• **AVAILABLE DATA**:

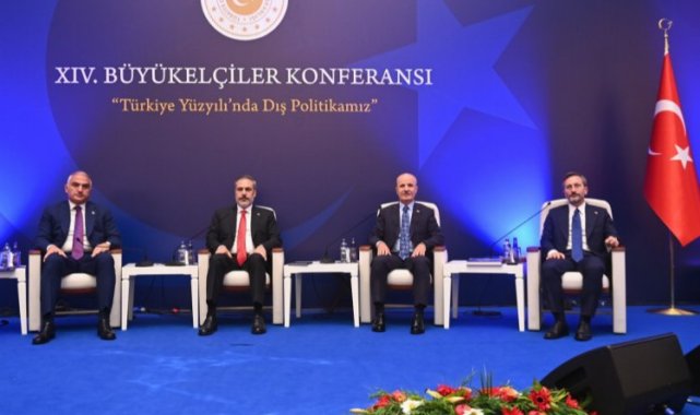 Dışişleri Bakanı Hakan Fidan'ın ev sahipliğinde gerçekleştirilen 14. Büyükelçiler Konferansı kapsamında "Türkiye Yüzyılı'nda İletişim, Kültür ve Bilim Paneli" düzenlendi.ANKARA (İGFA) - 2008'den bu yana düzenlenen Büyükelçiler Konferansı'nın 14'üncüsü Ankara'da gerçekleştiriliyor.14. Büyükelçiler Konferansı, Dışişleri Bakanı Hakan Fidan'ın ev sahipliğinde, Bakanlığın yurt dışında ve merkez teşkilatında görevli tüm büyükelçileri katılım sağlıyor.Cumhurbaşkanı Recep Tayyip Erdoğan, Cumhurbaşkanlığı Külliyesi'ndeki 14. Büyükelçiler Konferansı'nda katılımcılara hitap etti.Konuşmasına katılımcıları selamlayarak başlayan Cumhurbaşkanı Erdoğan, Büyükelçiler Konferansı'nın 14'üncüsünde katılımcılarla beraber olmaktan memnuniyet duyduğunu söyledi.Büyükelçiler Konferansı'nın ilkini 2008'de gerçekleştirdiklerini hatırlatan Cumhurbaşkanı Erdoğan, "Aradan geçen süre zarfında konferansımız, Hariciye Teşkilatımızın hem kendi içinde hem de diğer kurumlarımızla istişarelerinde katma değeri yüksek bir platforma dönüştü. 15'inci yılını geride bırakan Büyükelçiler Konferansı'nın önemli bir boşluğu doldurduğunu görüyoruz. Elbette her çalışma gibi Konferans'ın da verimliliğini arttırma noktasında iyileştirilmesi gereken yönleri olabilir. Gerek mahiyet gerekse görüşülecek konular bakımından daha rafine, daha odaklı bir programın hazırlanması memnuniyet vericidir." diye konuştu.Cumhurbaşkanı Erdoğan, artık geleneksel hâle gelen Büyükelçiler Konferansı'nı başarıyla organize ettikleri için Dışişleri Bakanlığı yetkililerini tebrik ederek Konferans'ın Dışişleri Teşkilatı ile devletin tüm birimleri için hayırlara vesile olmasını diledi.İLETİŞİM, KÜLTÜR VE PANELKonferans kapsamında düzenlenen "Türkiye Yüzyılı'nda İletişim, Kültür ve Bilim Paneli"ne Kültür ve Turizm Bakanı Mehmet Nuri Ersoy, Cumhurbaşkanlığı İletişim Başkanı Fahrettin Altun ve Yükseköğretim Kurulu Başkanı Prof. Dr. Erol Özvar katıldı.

...

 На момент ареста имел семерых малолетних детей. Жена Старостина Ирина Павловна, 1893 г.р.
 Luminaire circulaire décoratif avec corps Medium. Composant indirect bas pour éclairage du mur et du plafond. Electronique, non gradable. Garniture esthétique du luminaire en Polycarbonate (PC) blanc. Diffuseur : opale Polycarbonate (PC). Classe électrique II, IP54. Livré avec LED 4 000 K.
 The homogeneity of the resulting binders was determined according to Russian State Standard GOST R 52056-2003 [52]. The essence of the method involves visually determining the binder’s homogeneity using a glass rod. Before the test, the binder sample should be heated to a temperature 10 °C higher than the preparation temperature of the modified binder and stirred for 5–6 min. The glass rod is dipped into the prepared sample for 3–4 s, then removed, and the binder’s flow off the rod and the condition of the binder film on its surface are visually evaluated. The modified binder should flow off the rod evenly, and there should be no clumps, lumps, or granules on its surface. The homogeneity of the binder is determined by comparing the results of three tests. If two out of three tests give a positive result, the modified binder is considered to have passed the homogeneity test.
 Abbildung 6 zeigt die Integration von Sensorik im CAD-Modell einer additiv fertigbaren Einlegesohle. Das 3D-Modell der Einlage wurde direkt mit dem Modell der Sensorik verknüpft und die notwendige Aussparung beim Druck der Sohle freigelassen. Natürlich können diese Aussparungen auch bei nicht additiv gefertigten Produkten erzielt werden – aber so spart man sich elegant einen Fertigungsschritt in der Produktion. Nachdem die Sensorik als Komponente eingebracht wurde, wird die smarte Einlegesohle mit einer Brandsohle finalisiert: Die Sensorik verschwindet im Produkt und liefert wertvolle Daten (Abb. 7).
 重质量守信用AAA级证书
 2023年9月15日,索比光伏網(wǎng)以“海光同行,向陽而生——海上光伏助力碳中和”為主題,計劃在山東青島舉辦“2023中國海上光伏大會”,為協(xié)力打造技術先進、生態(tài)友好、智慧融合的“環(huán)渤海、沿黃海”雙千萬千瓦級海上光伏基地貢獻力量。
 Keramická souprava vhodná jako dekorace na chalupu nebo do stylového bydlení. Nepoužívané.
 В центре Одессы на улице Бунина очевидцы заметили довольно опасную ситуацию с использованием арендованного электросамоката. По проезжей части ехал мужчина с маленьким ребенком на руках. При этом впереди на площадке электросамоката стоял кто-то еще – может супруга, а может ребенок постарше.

...

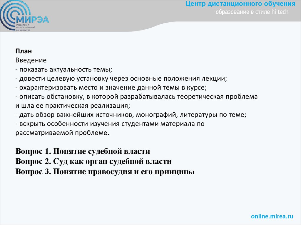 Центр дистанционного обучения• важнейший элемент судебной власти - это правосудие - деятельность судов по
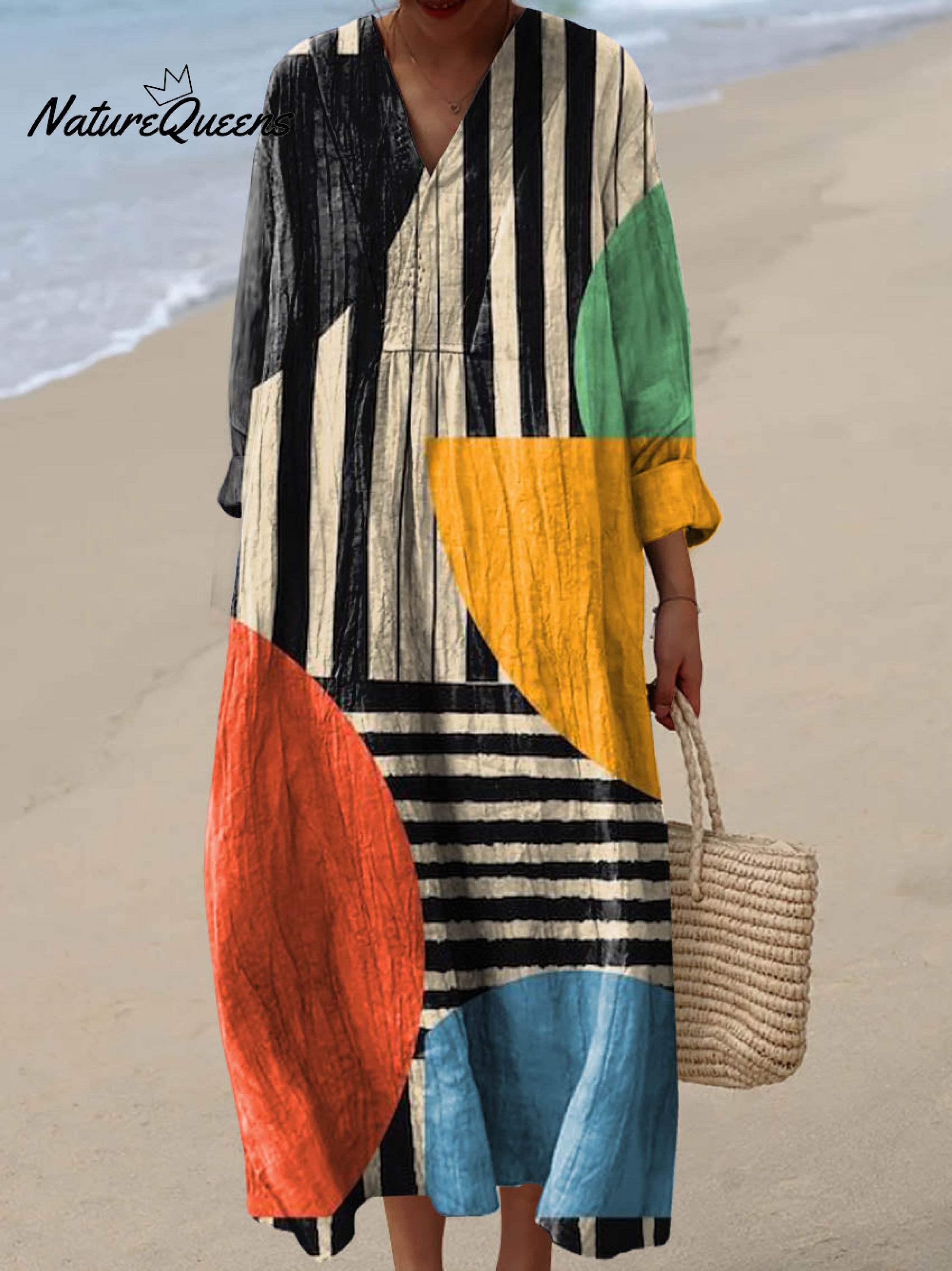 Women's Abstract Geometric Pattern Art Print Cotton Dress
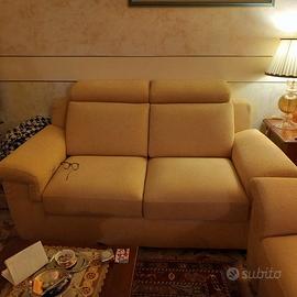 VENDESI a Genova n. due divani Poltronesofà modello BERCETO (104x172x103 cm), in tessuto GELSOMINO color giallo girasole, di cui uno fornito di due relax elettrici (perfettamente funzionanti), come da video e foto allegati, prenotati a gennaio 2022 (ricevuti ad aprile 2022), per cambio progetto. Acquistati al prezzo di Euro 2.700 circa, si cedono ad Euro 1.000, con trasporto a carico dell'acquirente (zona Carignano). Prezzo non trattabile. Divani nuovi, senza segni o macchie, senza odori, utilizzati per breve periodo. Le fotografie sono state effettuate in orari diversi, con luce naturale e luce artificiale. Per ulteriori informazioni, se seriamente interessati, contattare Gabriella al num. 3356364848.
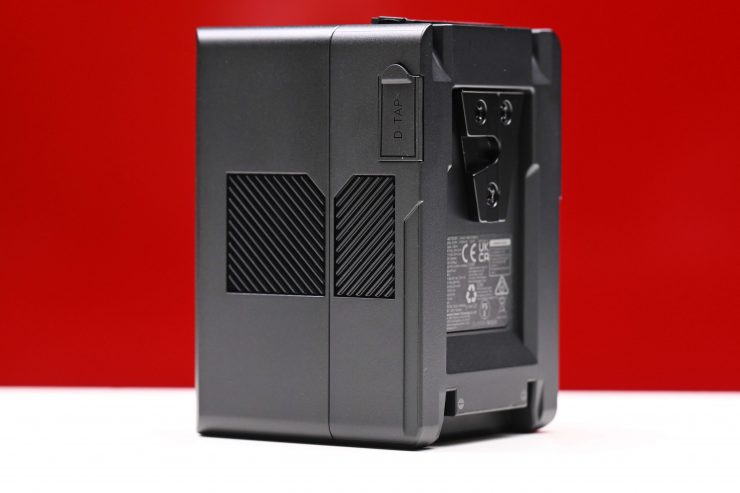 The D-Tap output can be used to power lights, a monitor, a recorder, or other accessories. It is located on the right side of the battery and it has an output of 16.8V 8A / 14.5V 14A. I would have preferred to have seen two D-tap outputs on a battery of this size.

• **TASK**: Retype exactly, and only, the lines above from the one where "重质量守信用AAA级证书" occurs up to and including the one where "В центре Одессы" occurs.

• **RESULT**:
 重质量守信用AAA级证书
 2023年9月15日,索比光伏網(wǎng)以“海光同行,向陽而生——海上光伏助力碳中和”為主題,計劃在山東青島舉辦“2023中國海上光伏大會”,為協(xié)力打造技術先進、生態(tài)友好、智慧融合的“環(huán)渤海、沿黃海”雙千萬千瓦級海上光伏基地貢獻力量。
 Keramická souprava vhodná jako dekorace na chalupu nebo do stylového bydlení. Nepoužívané.
 В центре Одессы на улице Бунина очевидцы заметили довольно опасную ситуацию с использованием арендованного электросамоката. По проезжей части ехал мужчина с маленьким ребенком на руках. При этом впереди на площадке электросамоката стоял кто-то еще – может супруга, а может ребенок постарше.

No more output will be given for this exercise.